TERCERO.- Que recibidos los autos en esta Sección Tercera se acordó formar el correspondiente Rollo; personándose oportunamente la parte apelante por medio de la Procuradora Dª. Amelia Lorena Fernández Delgado, bajo la dirección del Letrado D. Ricardo Ruiz Arcos , y los apelados: entidad Contenerfrut se personó por medio de la Procuradora Dª. Alicia Edita González Rodríguez, bajo la dirección del Letrado D. Manuel Fredy Santos Padrón, la entidad Mapfre Seguros de Empresa S. A, se personó por medio de la Procuradora Dª. Mercedes Aranaz Cuesta, bajo la dirección de la Letrada Dª. Carmen Arozena Abad, la entidad Club Náutico Puertito de Güimar, se personó por medio de la Procuradora Dª. Hara Rojas Jiménez, bajo la dirección de la Letrada Dª. Ana Cristina Galván Marrero; señalándose para deliberación, votación y fallo el día nueve de marzo del corriente año.

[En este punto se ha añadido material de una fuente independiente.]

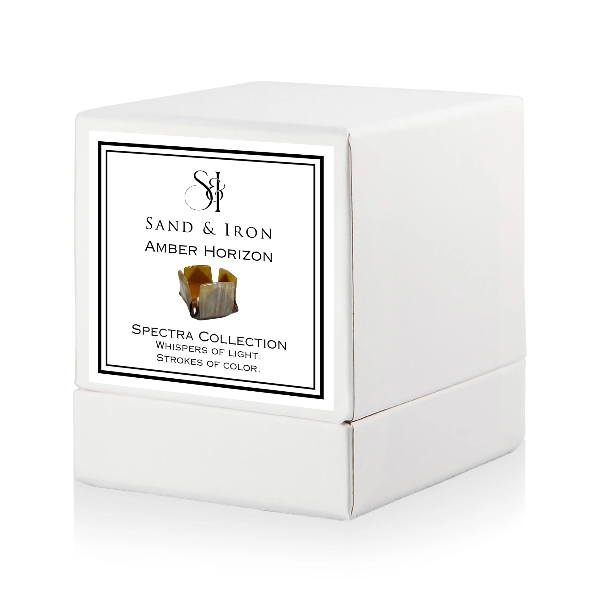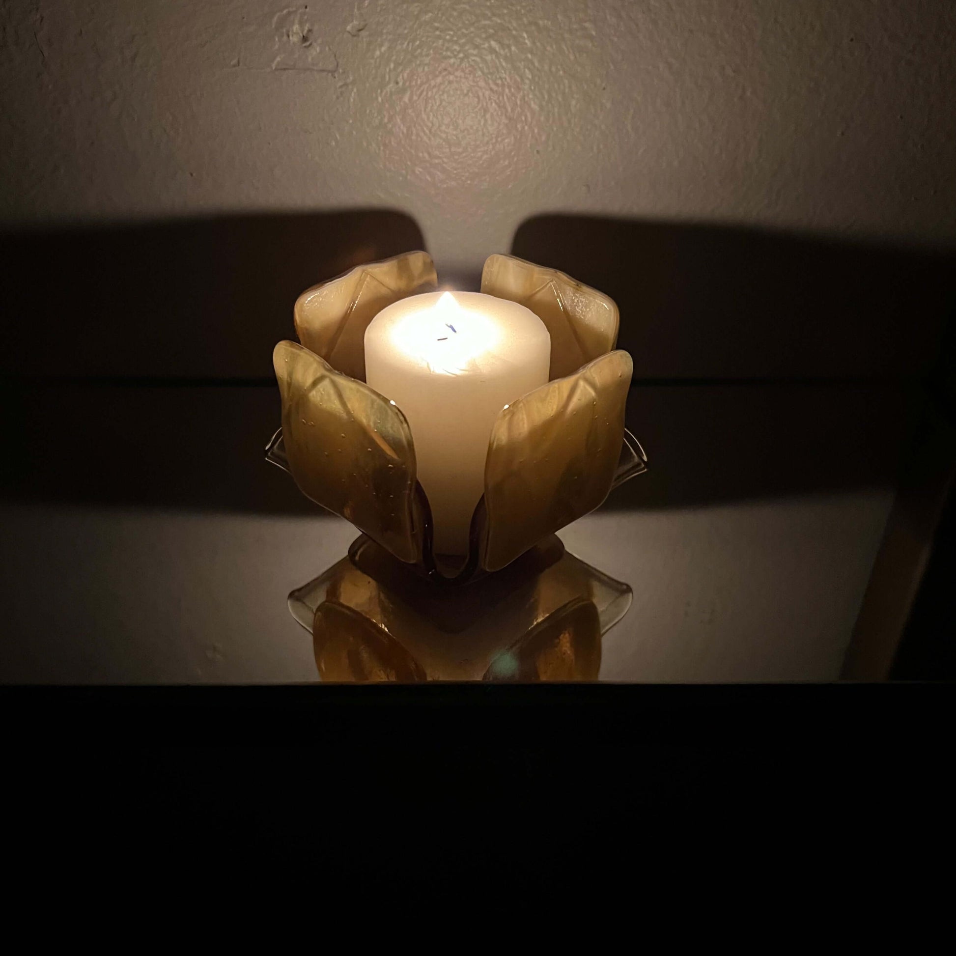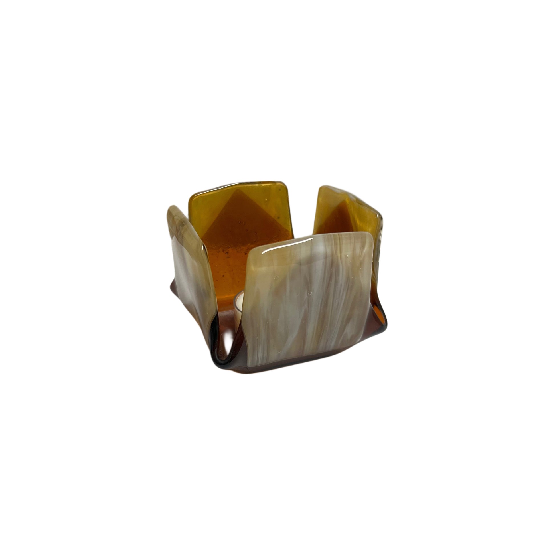 Our exclusive candleholder adorned with beautiful amber and white opalescent glass. This exquisite piece of home decor is sure to captivate with its distinct and eye-catching design.
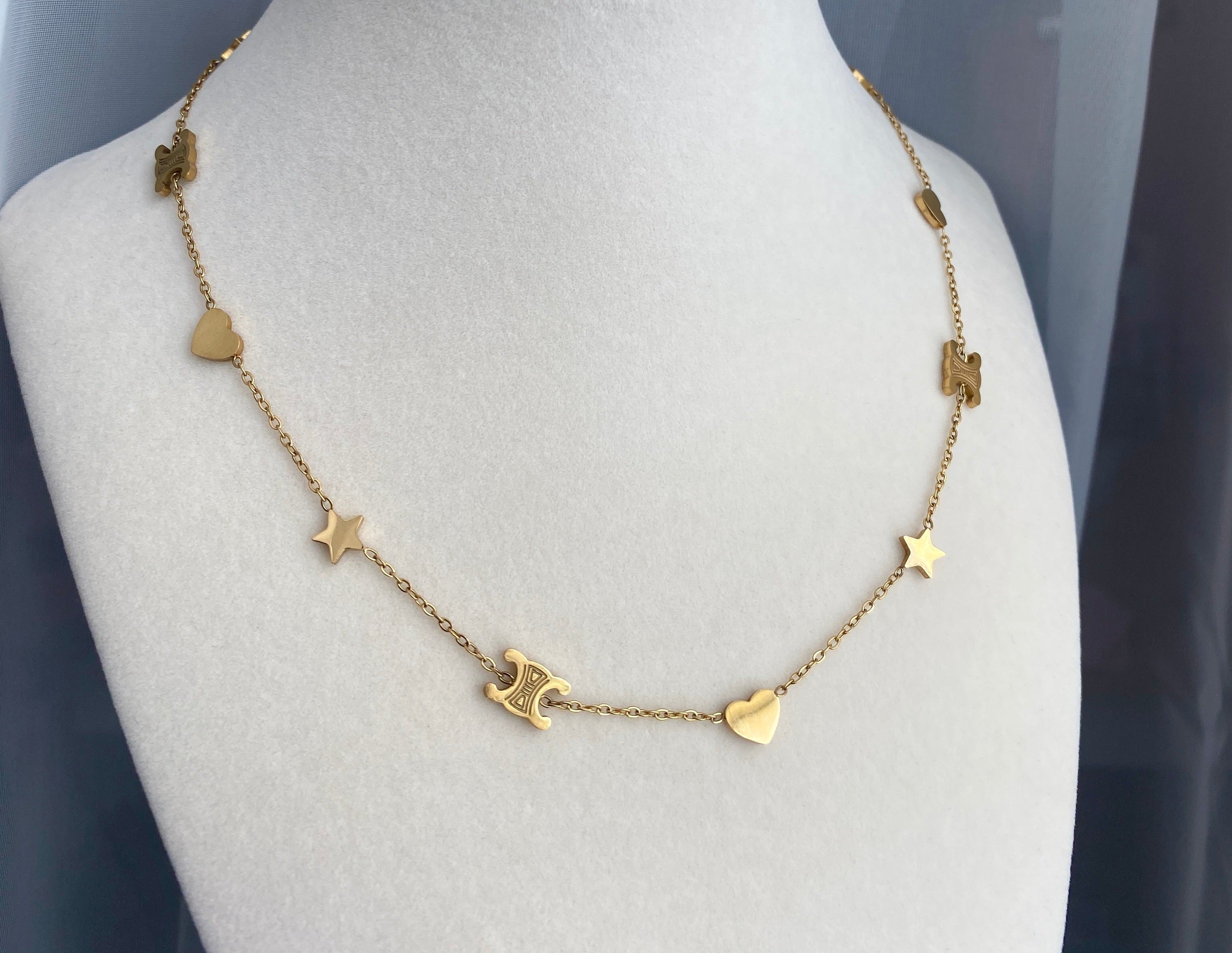 Gold Stainless Steel Stars n Hearts Necklace

Ha sido Ponente la Ilma Sra Dª. MARÍA DEL CARMEN PADILLA MÁRQUEZ Magistrada de esta Sala
Fundamentos
PRIMERO.-La sentencia, tras estimar la prescripción frente a una de las codemandadas, Contenerfrut, desestima la demanda frente a las otras demandadas, Club Náutico Puertito de Güimar, y su entidad aseguradora Mapfre, al no quedar acreditada, ni siquiera en el ámbito contractual, la conducta de la primera como generadora del evento dañoso.
Recurre el actor, quien, tras mantener la inexistencia de prescripción dada la solidaridad impropia entre las dos codemandadas, reitera su pretensión frente a todas las demandadas, en base a un nuevo examen de la prueba practicada, y reduciendo el importe de la cuantía reclamada.
La apelada Contenerfrut, tras alegar la inadmisibilidad del recurso que no fija expresamente los pronunciamientos impugnados, se opone a los motivos del recurso e insta la confirmación de la sentencia. En igual sentido, las otras apeladas, se oponen al recurso solicitando el mantenimiento de la resolución.
SEGUNDO.- Examinado, en primer lugar, el motivo alegado por el apelado que determinaría la inadmisibilidad del recurso, procede su desestimación, por cuanto leído el fallo de la sentencia, ciertamente sólo contiene un pronunciamiento, el de desestimar la demanda, lo que hace innecesaria cualquier concreción o determinación del pronunciamiento recurrido, no pudiendo apreciarse indefensión para las apeladas pues el recurso, no genera dudas que se formula frente a tal declaración desestimatoria de las pretensiones deducidas en su contra.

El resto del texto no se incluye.